Stipulation and Order
Upon consummation of the Rehabilitation Exit Transactions, the Stipulation and Order became effective. The Stipulation and Order includes affirmative covenants, as well as restrictions on certain business activities and transactions, of AFG and AAC. The Stipulation and Order has no fixed term and may be terminated or modified only with the approval of OCI. OCI reserved the right to modify or terminate the Stipulation and Order in a manner consistent with the interests of policyholders, creditors and the public generally.
August 2018 AMPS Exchange
At June 30, 2018, AAC had 26,411 shares of issued and outstanding AMPS with a liquidation preference of $660 (reported as nonredeemable noncontrolling interest of $264 on Ambac's balance sheet).
On July 3, 2018, AFG and AAC commenced an offer to exchange (the “AMPS Exchange”) all of AAC’s outstanding AMPS for senior surplus notes and, from AFG, cash and warrants to purchase AFG's common stock. The senior surplus notes offered in the AMPS Exchange have the same terms as other outstanding surplus notes of AAC (other than junior surplus notes). The offering period for the AMPS Exchange expired on August 1, 2018 and the transaction closed on August 3, 2018 (the "Settlement Date").
In exchange for each AMPS share (i.e. $25 thousand of liquidation preference), holders received senior surplus notes with a total outstanding amount (including accrued and unpaid interest thereon through June 22, 2018 (the "Signing Date"))
equal to $13.875 thousand (the “Repurchase”).
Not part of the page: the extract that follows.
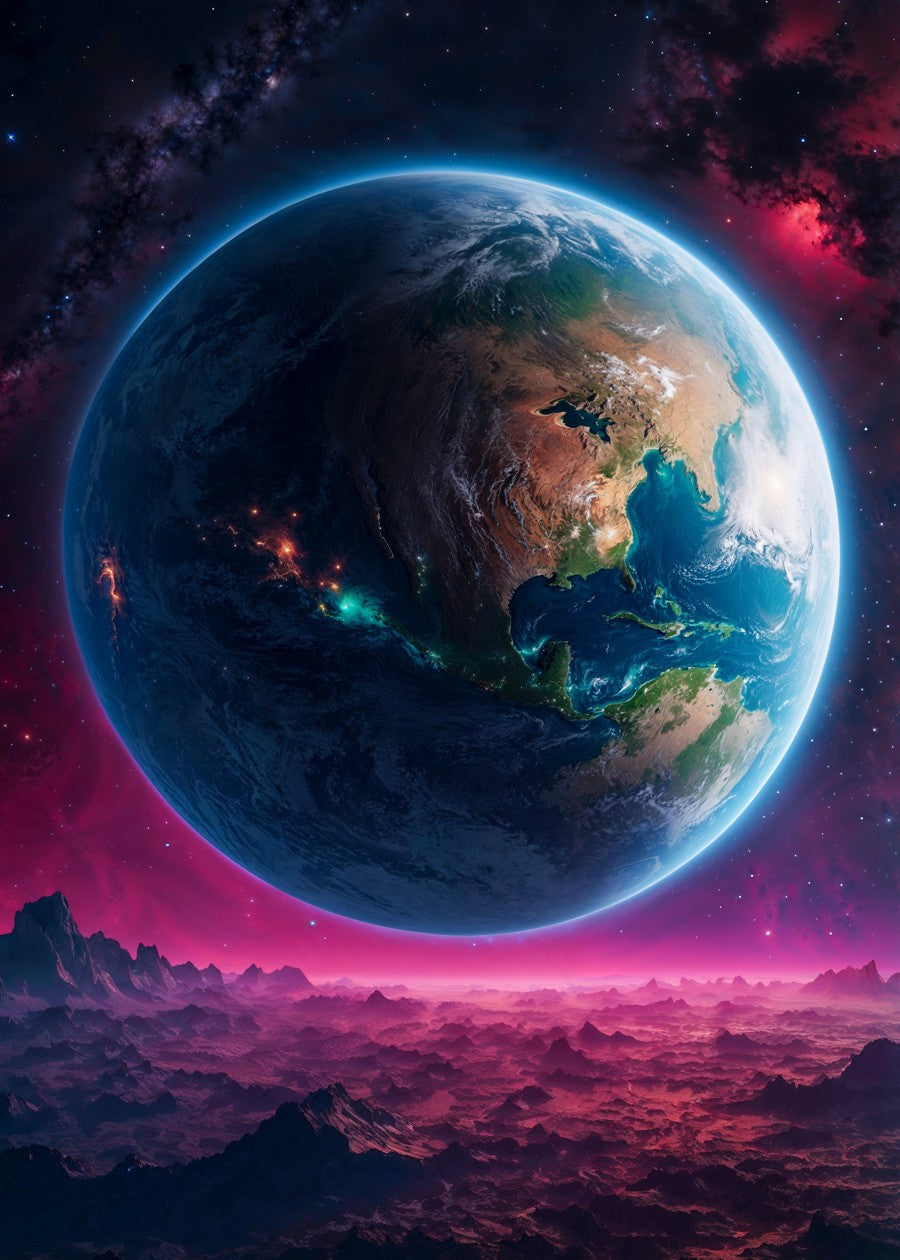 The image depicts a stunning view of Earth from space, with the planet's continents and oceans clearly visible.

AMPS holders who tendered on or before July 17, 2018, representing 22,096 shares of the AMPS, also received from AFG $0.500 in cash and 37.3076 warrants (rounded down to the nearest whole warrant) to purchase an equivalent number of shares of common stock of AFG at an exercise price of $16.67 per share (the “AFG Purchase” and, together with the Repurchase, the “Purchases”).
As a result of the completion of the Purchases, Ambac:
(1)Repurchased 84.4% or 22,296 AMPS with an aggregate liquidation preference of $557, including $35 in aggregate liquidation preference in the AFG Purchase;
(2)Captured a nominal discount of approximately $227 (a discount of approximately $253 on a fair market value basis) on $557 of the total outstanding liquidation preference of AMPS; and
(3)Issued, in aggregate, $213 in current principal amount of senior surplus notes with accrued interest thereon on Settlement Date of $98, issued 824,307 warrants and paid $11 in cash.
The AMPS are reported on the balance sheet within nonredeemable non-controlling interests and are carried at their fair value at the date AFG emerged from bankruptcy in April 2013, which is lower than the fair value of the total consideration provided to the AMPS holders in the Purchases. The difference between the fair value of consideration provided to AMPS holders and the carrying amount of the AMPS was reflected as a reduction to Net income attributable to common stockholders in 2018 for approximately $82.
At December 31, 2020 and 2019, AAC had 5,501 shares of issued and outstanding AMPS with a liquidation preference of $138 (reported as nonredeemable noncontrolling interest of $60 on Ambac's balance sheet), respectively.